**TASK DESCRIPTION**:
Copy out the records precisely, omitting pictures.

**TASK MATERIAL**:
*** Block opens ***

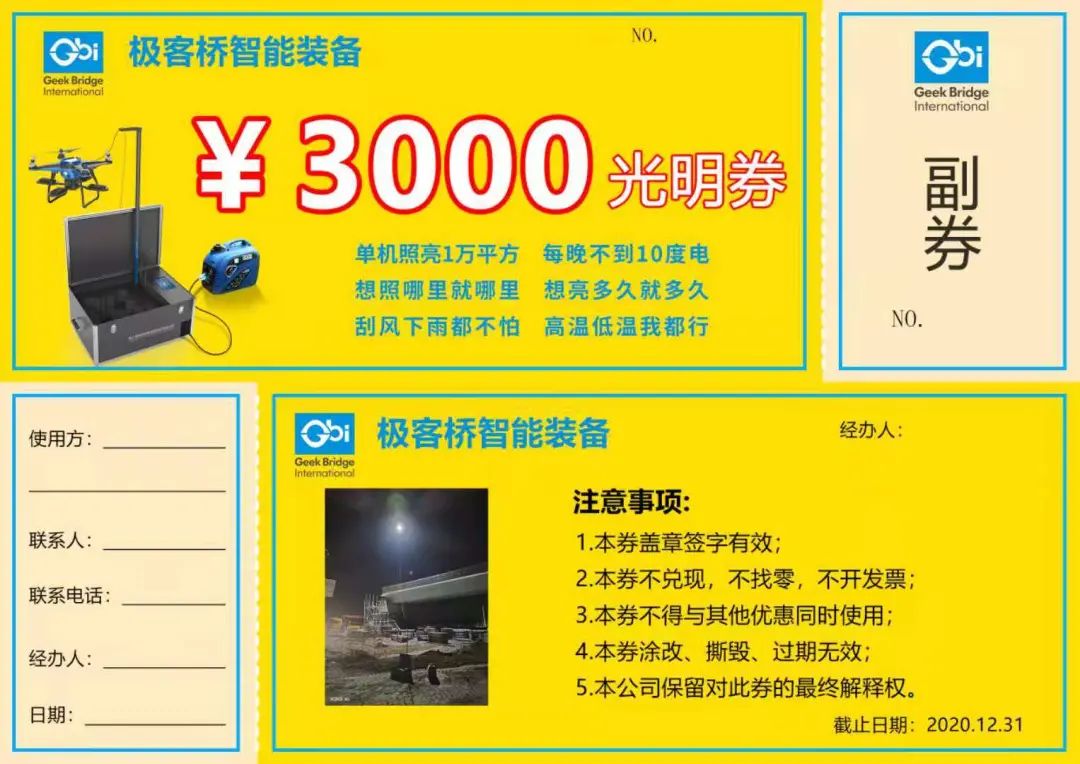 区别与普通的航拍无人机,极客桥公司所租赁的产品是公司主打产品也是经过“战斗前线”摸爬滚打过的夜间系留照明无人机,这款无人机主要是用于夜间施工、抢险、应急等用户。其主要特点是具备在夜间野外复杂环境下应急救援和各类作业的照明设备应满足响应快捷、部署灵活,安全可靠、范围大、亮度高、环境适应强等要求。
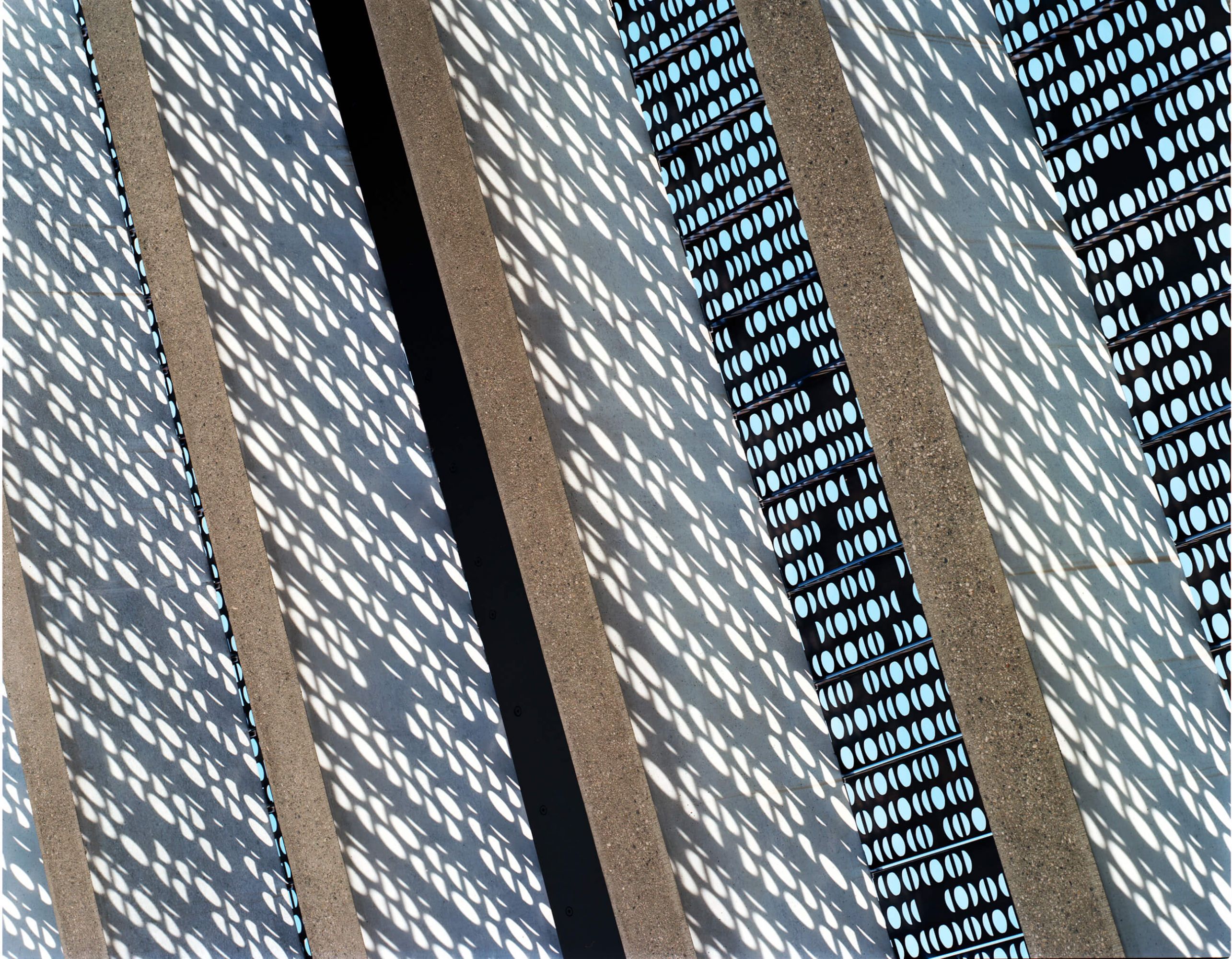 Über eine tektonische Struktur aus Stahlbetonfertigteilen ist ein feines „Bronzekleid“ gelegt. Daraus sind die Formen halber und ganzer Erkennungsmarken gestanzt. Die Form der geteilten Erkennungsmarke steht für den Tod. Der Anordnung der ausgestanzten Marken liegt eine Codierung zugrunde, die den Eid der Zeit- und Berufssoldaten, das Gelöbnis der Wehrdienstleistenden sowie den Amtseid der Wehrverwaltung darstellt.
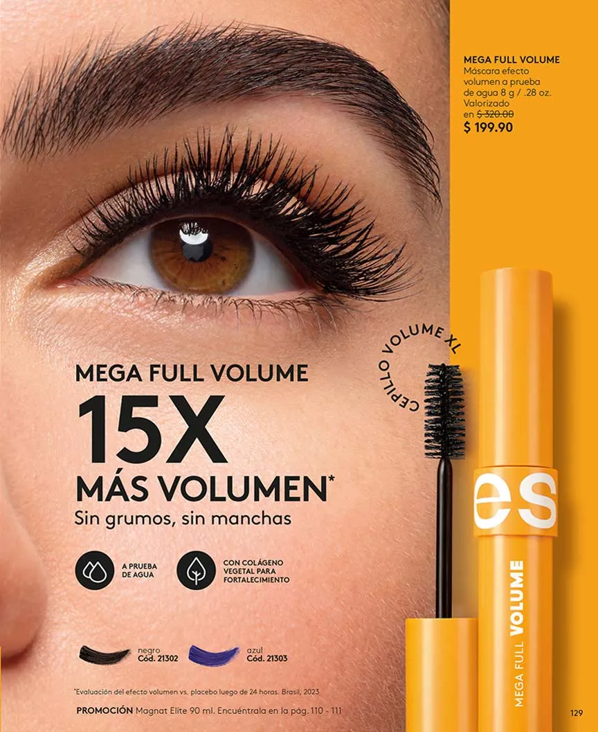 Aprovecha la promoción insuperable llevando la máscara «Mega Full», que aumenta hasta un 60% tus pestañas, delineadores y lápices en todas las tonalidades, con 50% de descuento.
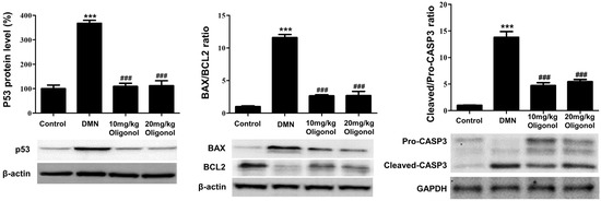 Protein levels of p53-associated apoptotic mediators perturbed by DMN and oligonol treatment. Western blot analyses of p53, BAX/BCL2 ratio, and cleaved/pro-CASP3 ratio in liver tissues from DMN and oligonol groups. Bar plots show the mean and standard error of the mean (SEM) (n = 3) values per group. *** p < 0.001 vs. the control group, and ### p < 0.001 vs. the DMN group.
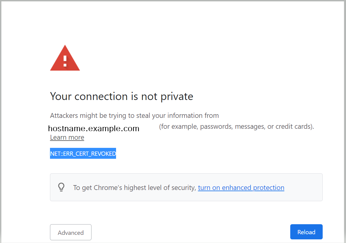While attempting to connect to the DevTest Portal URL, our users are seeing a NET::ERR_CERT_REVOKED error getting thrown by the Chrome browser. Only users which, are using the Chrome browser are seeing the error. Users, which use the Firefox browser, are not having this issue. Please help us understand why this error is seen in Chrome, and what to do to correct the issue.
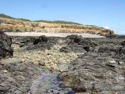 Mais ATTENTION, la mer à marée haute rejoint la falaise en plusieurs endroits ; donc, ne faire cette sortie qu'à marée basse ou descendante (le mieux!) et compter environ trois heures pour rejoindre le bout de la pointe, si vous voulez vous donnez la peine d'observer et d'échantillonner.

*** Block closes ***

**WRITTEN SOLUTION**:
 区别与普通的航拍无人机,极客桥公司所租赁的产品是公司主打产品也是经过“战斗前线”摸爬滚打过的夜间系留照明无人机,这款无人机主要是用于夜间施工、抢险、应急等用户。其主要特点是具备在夜间野外复杂环境下应急救援和各类作业的照明设备应满足响应快捷、部署灵活,安全可靠、范围大、亮度高、环境适应强等要求。
 Über eine tektonische Struktur aus Stahlbetonfertigteilen ist ein feines „Bronzekleid“ gelegt. Daraus sind die Formen halber und ganzer Erkennungsmarken gestanzt. Die Form der geteilten Erkennungsmarke steht für den Tod. Der Anordnung der ausgestanzten Marken liegt eine Codierung zugrunde, die den Eid der Zeit- und Berufssoldaten, das Gelöbnis der Wehrdienstleistenden sowie den Amtseid der Wehrverwaltung darstellt.
 Aprovecha la promoción insuperable llevando la máscara «Mega Full», que aumenta hasta un 60% tus pestañas, delineadores y lápices en todas las tonalidades, con 50% de descuento.
 Protein levels of p53-associated apoptotic mediators perturbed by DMN and oligonol treatment. Western blot analyses of p53, BAX/BCL2 ratio, and cleaved/pro-CASP3 ratio in liver tissues from DMN and oligonol groups. Bar plots show the mean and standard error of the mean (SEM) (n = 3) values per group. *** p < 0.001 vs. the control group, and ### p < 0.001 vs. the DMN group.
While attempting to connect to the DevTest Portal URL, our users are seeing a NET::ERR_CERT_REVOKED error getting thrown by the Chrome browser. Only users which, are using the Chrome browser are seeing the error. Users, which use the Firefox browser, are not having this issue. Please help us understand why this error is seen in Chrome, and what to do to correct the issue.
 Mais ATTENTION, la mer à marée haute rejoint la falaise en plusieurs endroits ; donc, ne faire cette sortie qu'à marée basse ou descendante (le mieux!) et compter environ trois heures pour rejoindre le bout de la pointe, si vous voulez vous donnez la peine d'observer et d'échantillonner.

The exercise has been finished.